• **Exercise**
Hunt for the word "developed" across the entries below, copying each line that holds it.

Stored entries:
****
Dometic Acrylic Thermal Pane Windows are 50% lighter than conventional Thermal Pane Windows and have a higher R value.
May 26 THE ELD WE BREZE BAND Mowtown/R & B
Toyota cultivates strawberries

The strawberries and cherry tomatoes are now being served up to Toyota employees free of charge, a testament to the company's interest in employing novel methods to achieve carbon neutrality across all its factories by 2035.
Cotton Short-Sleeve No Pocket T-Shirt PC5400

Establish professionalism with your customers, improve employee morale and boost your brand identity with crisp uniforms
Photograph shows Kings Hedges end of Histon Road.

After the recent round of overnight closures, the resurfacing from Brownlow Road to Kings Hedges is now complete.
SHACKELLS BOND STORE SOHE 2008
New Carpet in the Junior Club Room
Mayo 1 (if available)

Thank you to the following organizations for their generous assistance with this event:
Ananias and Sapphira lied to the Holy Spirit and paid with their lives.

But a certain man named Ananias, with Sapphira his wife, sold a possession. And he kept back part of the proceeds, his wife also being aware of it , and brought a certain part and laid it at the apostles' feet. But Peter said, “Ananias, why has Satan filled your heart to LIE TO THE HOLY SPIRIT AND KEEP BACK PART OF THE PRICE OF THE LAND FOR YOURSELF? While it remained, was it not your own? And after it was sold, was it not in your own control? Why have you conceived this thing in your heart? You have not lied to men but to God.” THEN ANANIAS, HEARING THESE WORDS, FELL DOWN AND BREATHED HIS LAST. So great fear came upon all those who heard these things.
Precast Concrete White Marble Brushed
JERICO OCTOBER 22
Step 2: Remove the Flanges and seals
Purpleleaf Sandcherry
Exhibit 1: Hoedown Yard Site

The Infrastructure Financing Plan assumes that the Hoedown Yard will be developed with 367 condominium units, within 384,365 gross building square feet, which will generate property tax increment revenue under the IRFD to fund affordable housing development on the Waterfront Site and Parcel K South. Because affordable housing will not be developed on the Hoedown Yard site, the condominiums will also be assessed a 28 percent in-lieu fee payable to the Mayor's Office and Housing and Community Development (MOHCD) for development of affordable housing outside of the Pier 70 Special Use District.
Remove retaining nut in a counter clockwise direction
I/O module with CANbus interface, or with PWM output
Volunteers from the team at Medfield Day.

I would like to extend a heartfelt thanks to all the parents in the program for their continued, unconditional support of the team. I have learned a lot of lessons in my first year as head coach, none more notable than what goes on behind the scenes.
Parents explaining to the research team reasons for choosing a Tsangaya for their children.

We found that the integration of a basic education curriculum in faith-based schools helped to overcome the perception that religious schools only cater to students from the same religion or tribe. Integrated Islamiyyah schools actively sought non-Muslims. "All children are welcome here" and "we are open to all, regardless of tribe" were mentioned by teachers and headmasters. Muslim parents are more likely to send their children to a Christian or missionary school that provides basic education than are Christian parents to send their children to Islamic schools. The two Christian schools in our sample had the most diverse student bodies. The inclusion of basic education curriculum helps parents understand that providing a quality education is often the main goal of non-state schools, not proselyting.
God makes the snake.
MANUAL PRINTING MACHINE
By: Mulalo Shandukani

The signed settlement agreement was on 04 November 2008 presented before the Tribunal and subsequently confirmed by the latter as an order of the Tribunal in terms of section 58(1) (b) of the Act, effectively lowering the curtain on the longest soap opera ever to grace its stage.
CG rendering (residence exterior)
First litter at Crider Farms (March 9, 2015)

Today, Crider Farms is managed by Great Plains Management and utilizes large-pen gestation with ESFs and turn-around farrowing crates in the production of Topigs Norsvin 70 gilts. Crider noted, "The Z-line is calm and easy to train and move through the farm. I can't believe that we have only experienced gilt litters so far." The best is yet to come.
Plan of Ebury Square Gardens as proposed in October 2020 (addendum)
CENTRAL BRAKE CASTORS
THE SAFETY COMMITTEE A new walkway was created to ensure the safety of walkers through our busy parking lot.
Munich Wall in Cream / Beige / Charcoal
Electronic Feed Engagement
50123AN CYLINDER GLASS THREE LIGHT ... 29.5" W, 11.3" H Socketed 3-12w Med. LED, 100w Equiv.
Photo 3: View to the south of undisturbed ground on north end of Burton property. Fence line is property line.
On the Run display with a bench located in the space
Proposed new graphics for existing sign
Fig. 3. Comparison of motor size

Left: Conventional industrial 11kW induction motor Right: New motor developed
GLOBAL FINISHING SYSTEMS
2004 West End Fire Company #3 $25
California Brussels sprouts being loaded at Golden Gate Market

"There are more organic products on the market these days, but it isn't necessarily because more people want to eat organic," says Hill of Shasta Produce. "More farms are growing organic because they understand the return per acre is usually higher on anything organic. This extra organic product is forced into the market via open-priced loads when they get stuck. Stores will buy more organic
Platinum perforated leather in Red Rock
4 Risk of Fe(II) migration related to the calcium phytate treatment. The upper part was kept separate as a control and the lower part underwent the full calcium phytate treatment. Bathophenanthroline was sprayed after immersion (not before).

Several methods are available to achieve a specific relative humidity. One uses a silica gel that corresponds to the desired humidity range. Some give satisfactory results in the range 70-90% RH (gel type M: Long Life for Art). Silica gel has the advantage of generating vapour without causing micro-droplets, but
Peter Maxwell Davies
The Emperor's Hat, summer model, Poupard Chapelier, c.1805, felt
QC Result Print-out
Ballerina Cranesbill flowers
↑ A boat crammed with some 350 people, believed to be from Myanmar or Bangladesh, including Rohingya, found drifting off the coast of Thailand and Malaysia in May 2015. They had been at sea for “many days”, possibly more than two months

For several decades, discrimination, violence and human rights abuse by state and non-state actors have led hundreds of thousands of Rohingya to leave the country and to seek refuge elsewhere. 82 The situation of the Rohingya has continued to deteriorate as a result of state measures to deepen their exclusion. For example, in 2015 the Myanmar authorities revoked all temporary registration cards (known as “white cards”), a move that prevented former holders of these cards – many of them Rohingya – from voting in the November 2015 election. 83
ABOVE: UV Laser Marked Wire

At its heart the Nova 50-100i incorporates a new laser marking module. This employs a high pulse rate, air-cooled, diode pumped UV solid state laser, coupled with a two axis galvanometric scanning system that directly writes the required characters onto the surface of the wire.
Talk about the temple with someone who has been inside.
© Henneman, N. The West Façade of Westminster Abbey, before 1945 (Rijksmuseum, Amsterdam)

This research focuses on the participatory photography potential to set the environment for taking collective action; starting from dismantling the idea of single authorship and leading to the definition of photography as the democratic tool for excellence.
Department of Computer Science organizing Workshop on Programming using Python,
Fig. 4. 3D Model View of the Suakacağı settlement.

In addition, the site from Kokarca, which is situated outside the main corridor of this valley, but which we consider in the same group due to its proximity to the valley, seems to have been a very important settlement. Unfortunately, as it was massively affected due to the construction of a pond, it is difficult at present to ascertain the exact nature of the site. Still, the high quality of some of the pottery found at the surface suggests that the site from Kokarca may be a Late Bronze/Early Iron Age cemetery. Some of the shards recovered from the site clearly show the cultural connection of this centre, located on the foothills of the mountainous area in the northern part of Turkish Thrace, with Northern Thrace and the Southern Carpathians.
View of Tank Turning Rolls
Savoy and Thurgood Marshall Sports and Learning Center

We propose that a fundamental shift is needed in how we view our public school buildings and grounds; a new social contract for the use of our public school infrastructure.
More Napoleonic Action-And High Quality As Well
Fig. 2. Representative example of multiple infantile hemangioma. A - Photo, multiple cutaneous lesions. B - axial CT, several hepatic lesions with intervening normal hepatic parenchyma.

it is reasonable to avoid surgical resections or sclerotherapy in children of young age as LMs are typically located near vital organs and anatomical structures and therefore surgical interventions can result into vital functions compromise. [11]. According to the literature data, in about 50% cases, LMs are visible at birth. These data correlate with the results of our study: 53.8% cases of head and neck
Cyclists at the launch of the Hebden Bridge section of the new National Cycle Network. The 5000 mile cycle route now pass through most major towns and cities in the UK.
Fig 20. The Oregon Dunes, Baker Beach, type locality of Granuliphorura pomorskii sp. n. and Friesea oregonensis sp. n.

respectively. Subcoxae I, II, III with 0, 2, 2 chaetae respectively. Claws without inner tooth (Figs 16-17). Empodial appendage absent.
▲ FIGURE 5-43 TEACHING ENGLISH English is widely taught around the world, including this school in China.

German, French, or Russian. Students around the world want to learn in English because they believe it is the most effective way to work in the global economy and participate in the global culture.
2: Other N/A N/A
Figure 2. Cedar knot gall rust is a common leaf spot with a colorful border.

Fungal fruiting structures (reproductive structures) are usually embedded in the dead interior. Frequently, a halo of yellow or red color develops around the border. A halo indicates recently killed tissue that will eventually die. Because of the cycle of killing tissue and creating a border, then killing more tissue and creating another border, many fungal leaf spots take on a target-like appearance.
****
• **Answer box**
The Infrastructure Financing Plan assumes that the Hoedown Yard will be developed with 367 condominium units, within 384,365 gross building square feet, which will generate property tax increment revenue under the IRFD to fund affordable housing development on the Waterfront Site and Parcel K South. Because affordable housing will not be developed on the Hoedown Yard site, the condominiums will also be assessed a 28 percent in-lieu fee payable to the Mayor's Office and Housing and Community Development (MOHCD) for development of affordable housing outside of the Pier 70 Special Use District.
Left: Conventional industrial 11kW induction motor Right: New motor developed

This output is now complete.